### Task directions
Leave the pictures out, and transcribe the material below exactly from the line with "Die Gespinstmotte ist" to the line with "เมื่อวันจันทร์ที่ 28 ที่ผ่านมา", both lines included.

### Data for review
=== Begin Enclosure ===
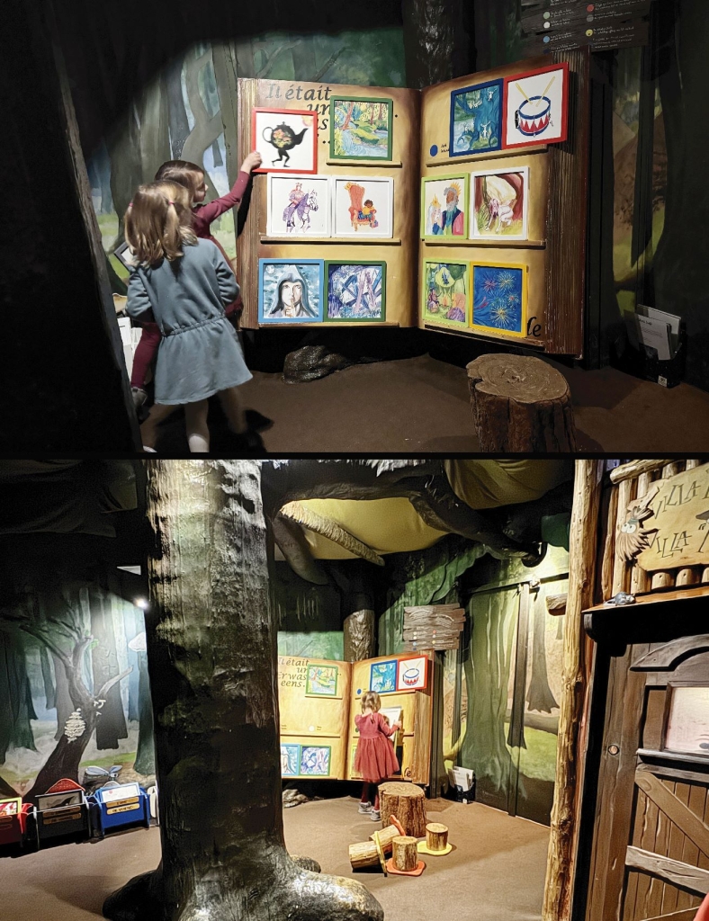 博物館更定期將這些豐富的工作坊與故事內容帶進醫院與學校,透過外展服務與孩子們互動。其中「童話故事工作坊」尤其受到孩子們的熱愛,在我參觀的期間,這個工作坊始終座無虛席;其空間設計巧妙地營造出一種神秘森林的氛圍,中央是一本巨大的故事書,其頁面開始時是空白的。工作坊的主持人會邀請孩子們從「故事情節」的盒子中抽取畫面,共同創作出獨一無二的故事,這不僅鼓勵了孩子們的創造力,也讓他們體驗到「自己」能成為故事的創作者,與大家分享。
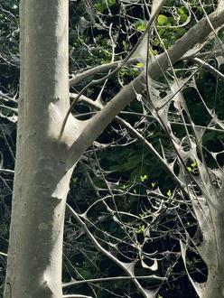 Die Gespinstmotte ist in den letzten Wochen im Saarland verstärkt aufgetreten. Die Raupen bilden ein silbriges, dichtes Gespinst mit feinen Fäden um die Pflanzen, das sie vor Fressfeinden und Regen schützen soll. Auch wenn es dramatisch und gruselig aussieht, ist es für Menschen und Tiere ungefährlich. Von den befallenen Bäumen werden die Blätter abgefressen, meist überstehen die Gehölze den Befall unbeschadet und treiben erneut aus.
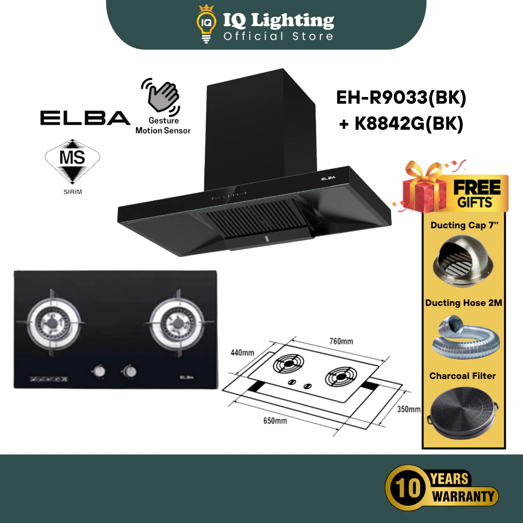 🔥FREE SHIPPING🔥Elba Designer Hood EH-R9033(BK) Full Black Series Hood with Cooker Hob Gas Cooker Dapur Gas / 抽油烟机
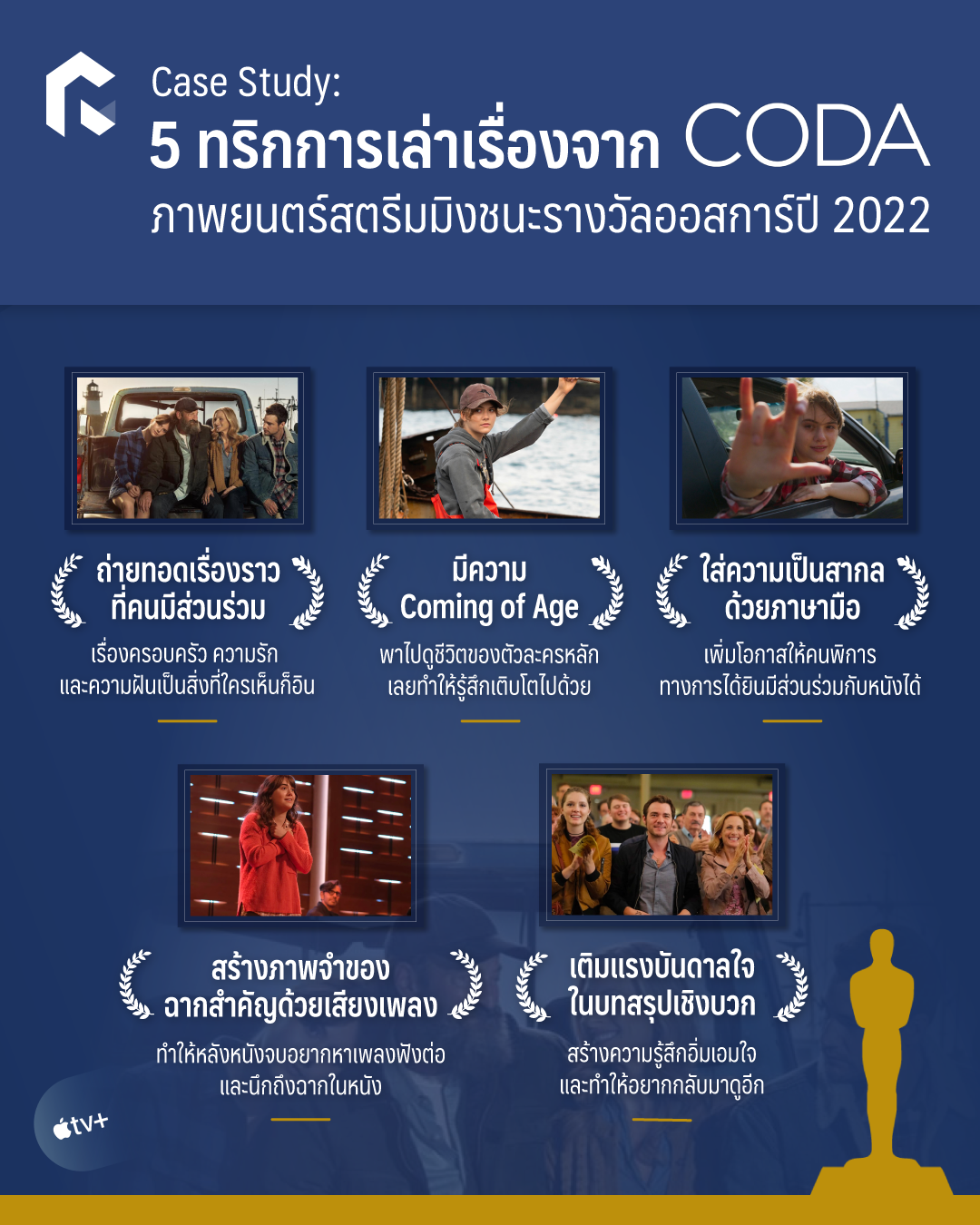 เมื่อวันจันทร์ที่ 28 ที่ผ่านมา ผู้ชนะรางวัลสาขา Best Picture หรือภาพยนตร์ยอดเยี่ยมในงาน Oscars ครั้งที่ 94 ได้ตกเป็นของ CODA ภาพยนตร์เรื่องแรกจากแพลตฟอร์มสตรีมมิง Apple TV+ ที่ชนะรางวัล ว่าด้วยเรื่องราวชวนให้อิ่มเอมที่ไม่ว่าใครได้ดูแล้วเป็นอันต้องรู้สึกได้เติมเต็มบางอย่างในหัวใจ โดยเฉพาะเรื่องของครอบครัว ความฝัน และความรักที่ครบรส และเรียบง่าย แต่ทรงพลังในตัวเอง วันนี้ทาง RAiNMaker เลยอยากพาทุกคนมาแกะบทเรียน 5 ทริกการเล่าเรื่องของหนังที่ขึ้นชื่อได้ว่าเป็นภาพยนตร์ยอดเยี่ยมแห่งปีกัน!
=== End Enclosure ===
=== Begin Enclosure ===
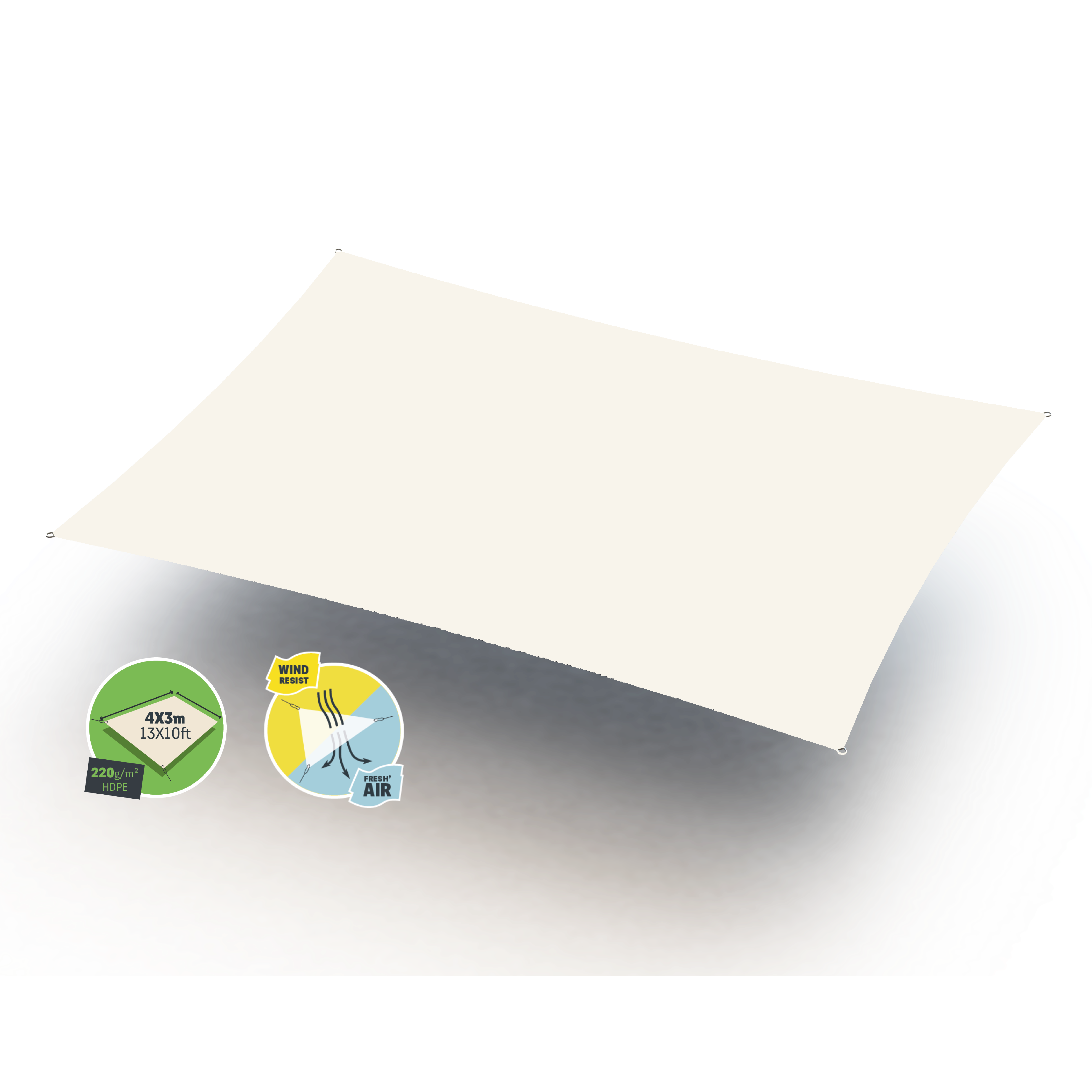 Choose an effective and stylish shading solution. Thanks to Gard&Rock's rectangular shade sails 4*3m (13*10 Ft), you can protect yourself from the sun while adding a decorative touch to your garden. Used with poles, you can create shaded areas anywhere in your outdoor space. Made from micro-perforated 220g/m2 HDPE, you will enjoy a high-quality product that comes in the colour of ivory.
=== End Enclosure ===
### Exercise answer
 Die Gespinstmotte ist in den letzten Wochen im Saarland verstärkt aufgetreten. Die Raupen bilden ein silbriges, dichtes Gespinst mit feinen Fäden um die Pflanzen, das sie vor Fressfeinden und Regen schützen soll. Auch wenn es dramatisch und gruselig aussieht, ist es für Menschen und Tiere ungefährlich. Von den befallenen Bäumen werden die Blätter abgefressen, meist überstehen die Gehölze den Befall unbeschadet und treiben erneut aus.
 🔥FREE SHIPPING🔥Elba Designer Hood EH-R9033(BK) Full Black Series Hood with Cooker Hob Gas Cooker Dapur Gas / 抽油烟机
 เมื่อวันจันทร์ที่ 28 ที่ผ่านมา ผู้ชนะรางวัลสาขา Best Picture หรือภาพยนตร์ยอดเยี่ยมในงาน Oscars ครั้งที่ 94 ได้ตกเป็นของ CODA ภาพยนตร์เรื่องแรกจากแพลตฟอร์มสตรีมมิง Apple TV+ ที่ชนะรางวัล ว่าด้วยเรื่องราวชวนให้อิ่มเอมที่ไม่ว่าใครได้ดูแล้วเป็นอันต้องรู้สึกได้เติมเต็มบางอย่างในหัวใจ โดยเฉพาะเรื่องของครอบครัว ความฝัน และความรักที่ครบรส และเรียบง่าย แต่ทรงพลังในตัวเอง วันนี้ทาง RAiNMaker เลยอยากพาทุกคนมาแกะบทเรียน 5 ทริกการเล่าเรื่องของหนังที่ขึ้นชื่อได้ว่าเป็นภาพยนตร์ยอดเยี่ยมแห่งปีกัน!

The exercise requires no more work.